WHAT YOU ARE ASKED TO DO - Return the material exactly, first line through the line containing "- Divya, N.K.;", and nothing more. Pictures stay out.
——————
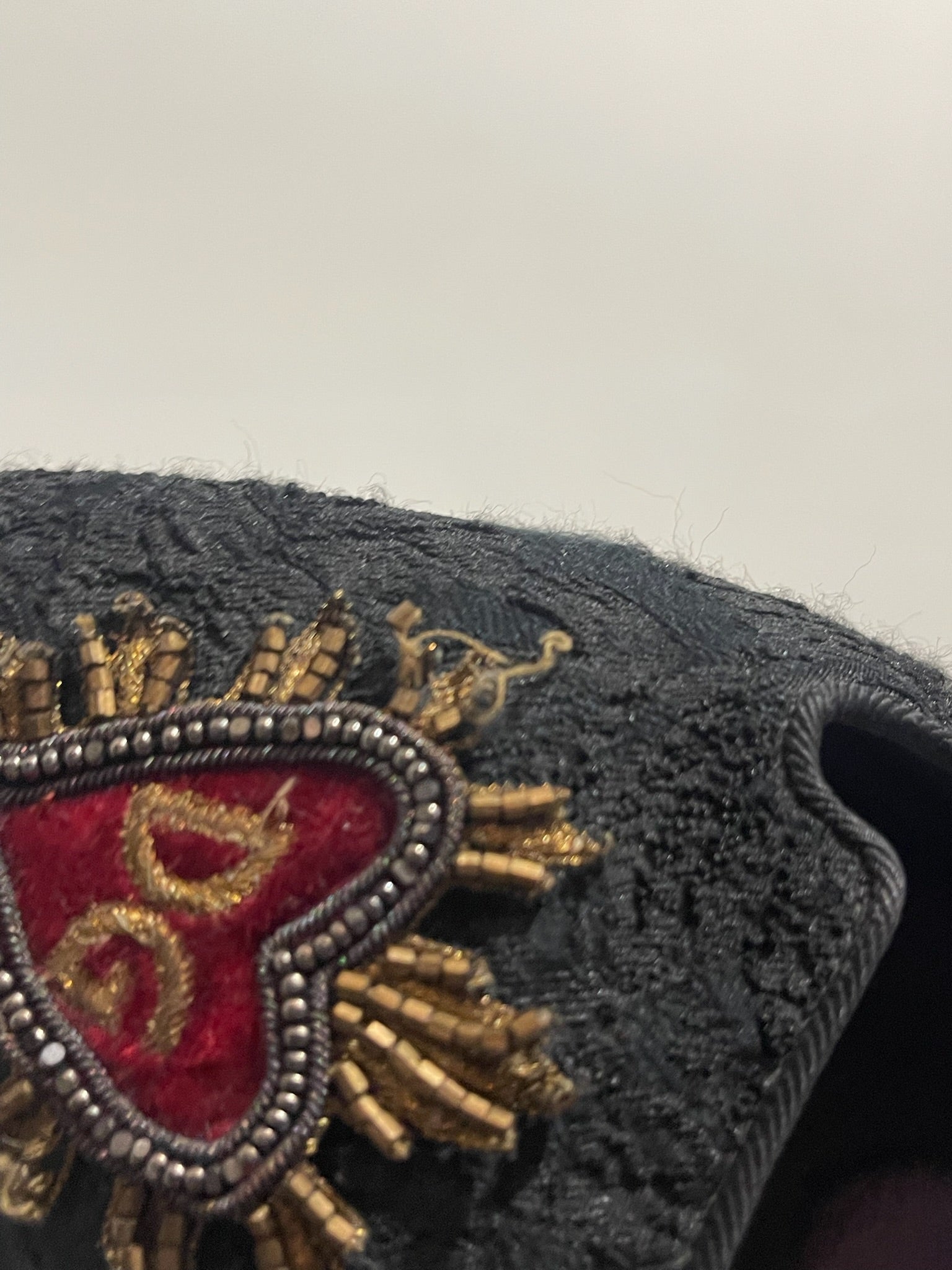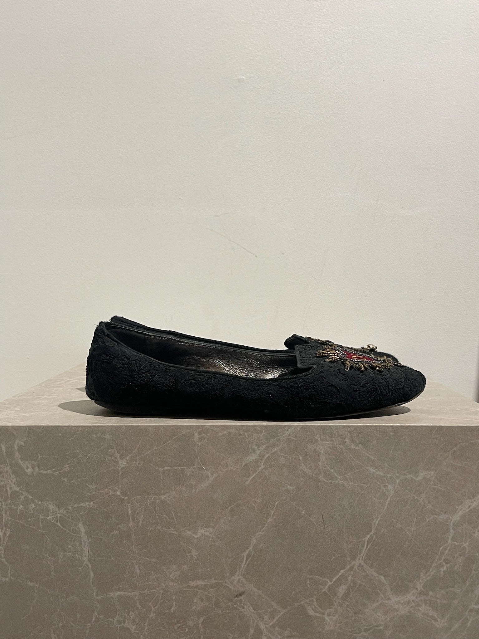 Mocassins en toile dentelle noir ornés d'un motif coeur rouge et de perles brodées à l'avant. Siganture DG. Intérieur en cuir.
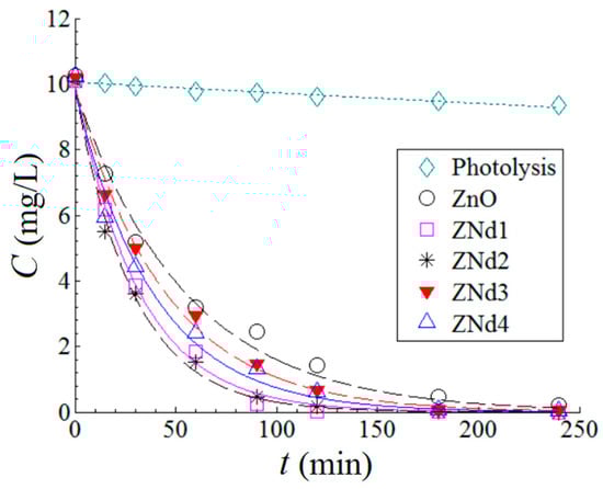 - Divya, N.K.; Pradyumnan, P.P. Enhancement of photocatalytic activity in Nd doped ZnO with an increase in dielectric constant. J. Mater. Sci. Mater. Electron. 2017, 28, 2147–2156. [Google Scholar] [CrossRef]
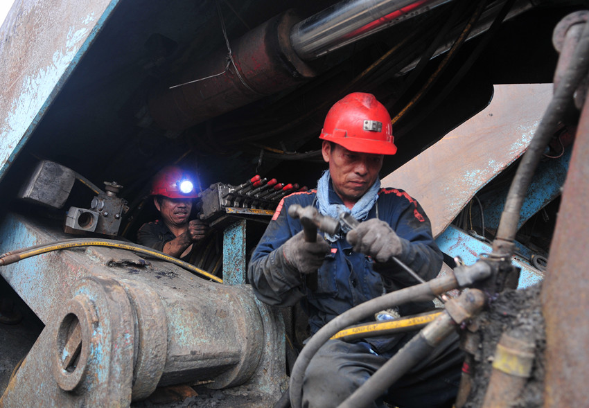 袁店二礦面對(duì)嚴(yán)峻的經(jīng)營(yíng)形勢(shì),全面聚焦雙效,從嚴(yán)控制材料費(fèi)、電費(fèi)、修理費(fèi)、安拆費(fèi)、非生產(chǎn)性支出,最大限度降低生產(chǎn)成本。圖為該礦綜采二區(qū)職工在維修液壓支架,僅此一項(xiàng)就為礦井節(jié)約修理費(fèi)用370余萬(wàn)元。
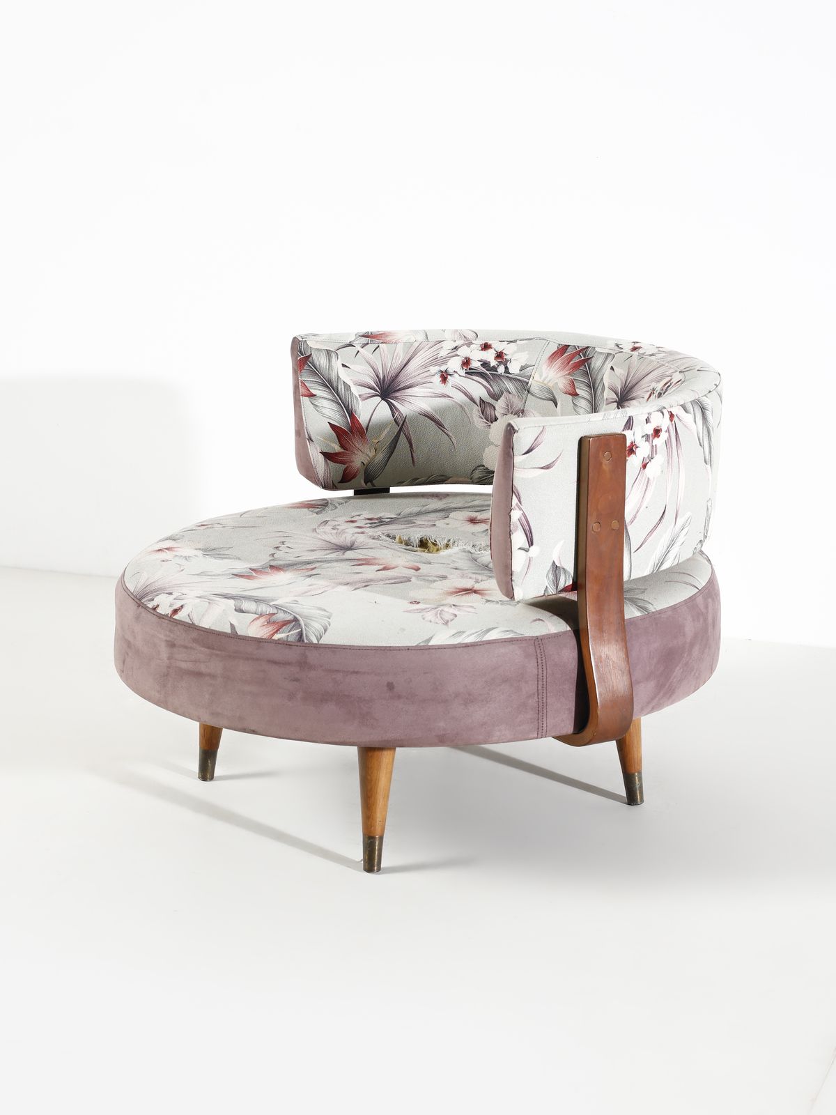 Seconda metà del XX secolo.Dimensioni: poltrona 66 x 93x 93 cm. poggiapiedi 40 x 80 x 80 cm
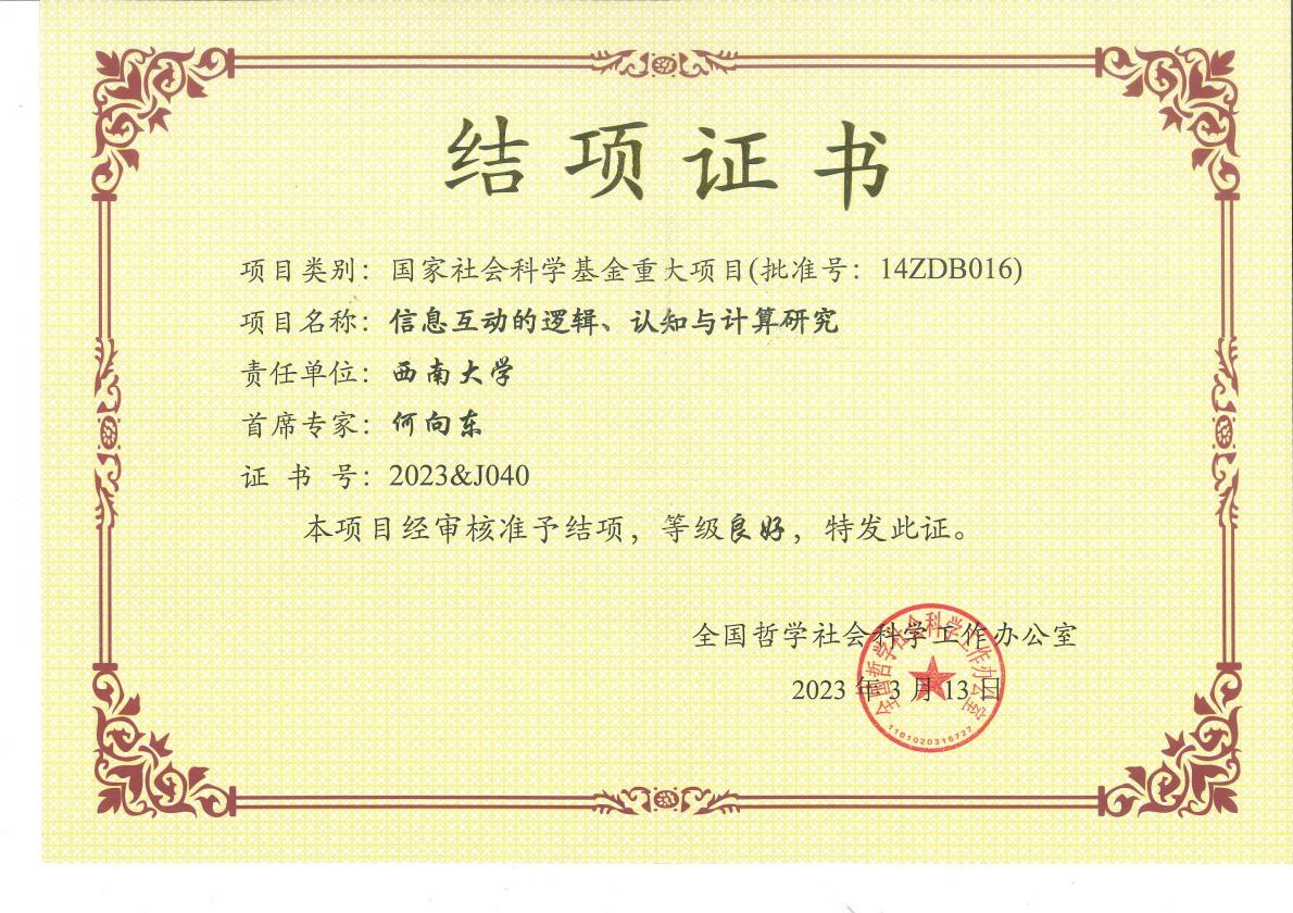 发布时间: 2023-09-09 11:26:09 已阅读:2023年3月,我院何向东教授主持的国家社科基金重大项目“信息互动的逻辑、认知与计算研究” (14ZDB016)顺利通过全国哲学社会科学规划办的结题验收,鉴定结论为“良好”,结项证书编号为2023&J040。项目的子课题负责人包括郭美云教授、陈武教授、雷旭教授和邓辉文教授。
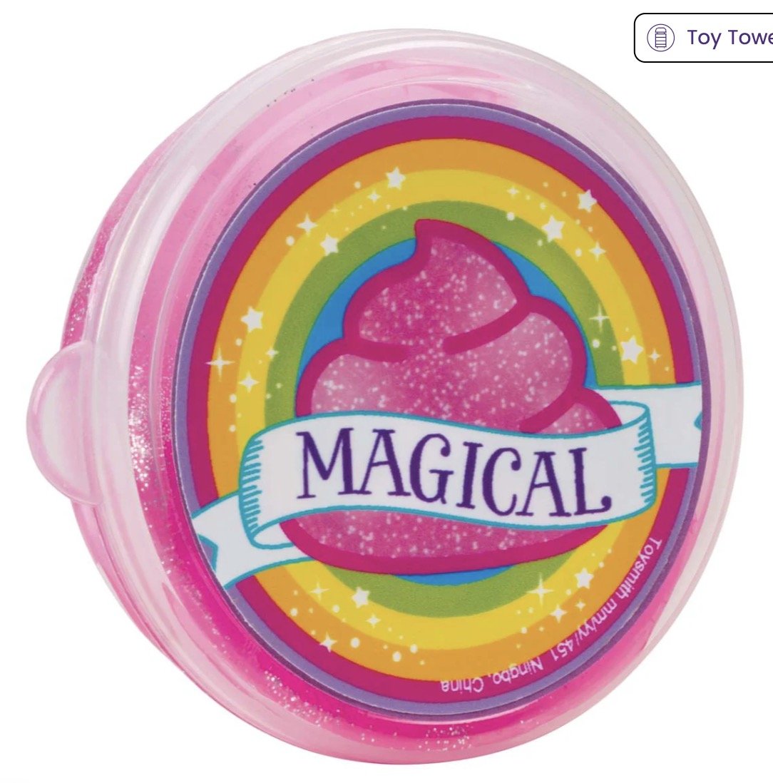 This best-selling colorful fake poop slime toy is designed for laughs. Unicorn Poop is a reusable slime putty that comes in hot pink mixed with shimmering glitter. Designed for tactile and visually pleasing experiences, this toy is individually packaged on a 4.75 x 6.625-inch rainbow and unicorn-illustrated peggable blister card. Made with nontoxic materials, this nonstick putty is uniquely designed for repeated squishing and stretching. Get individually packaged Unicorn Poop putty cards with a hot pink and yellow display.
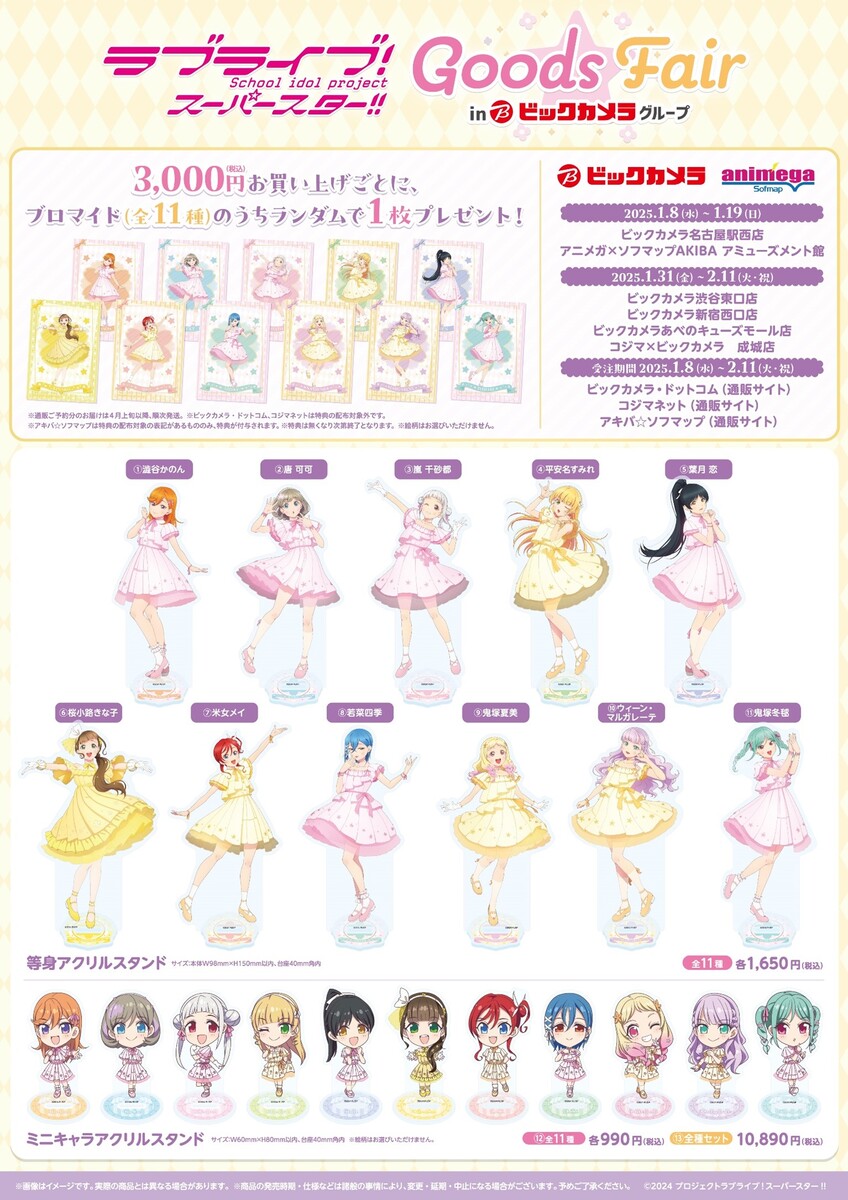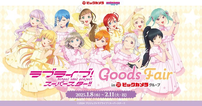 ビックカメラは、「ラブライブ!スーパースター!! Goods Fair in ビックカメラグループ」を1月8日から2月11日まで開催する。対象店舗はビックカメラ名古屋駅西店、アニメガ×ソフマップAKIBAアミューズメント館、ビックカメラ渋谷東口店、ビックカメラ新宿西口店、ビックカメラあべのキューズモール店、コジマ×ビックカメラ成城店などが含まれる。
——————
TASK SOLUTION -
 Mocassins en toile dentelle noir ornés d'un motif coeur rouge et de perles brodées à l'avant. Siganture DG. Intérieur en cuir.
 - Divya, N.K.; Pradyumnan, P.P. Enhancement of photocatalytic activity in Nd doped ZnO with an increase in dielectric constant. J. Mater. Sci. Mater. Electron. 2017, 28, 2147–2156. [Google Scholar] [CrossRef]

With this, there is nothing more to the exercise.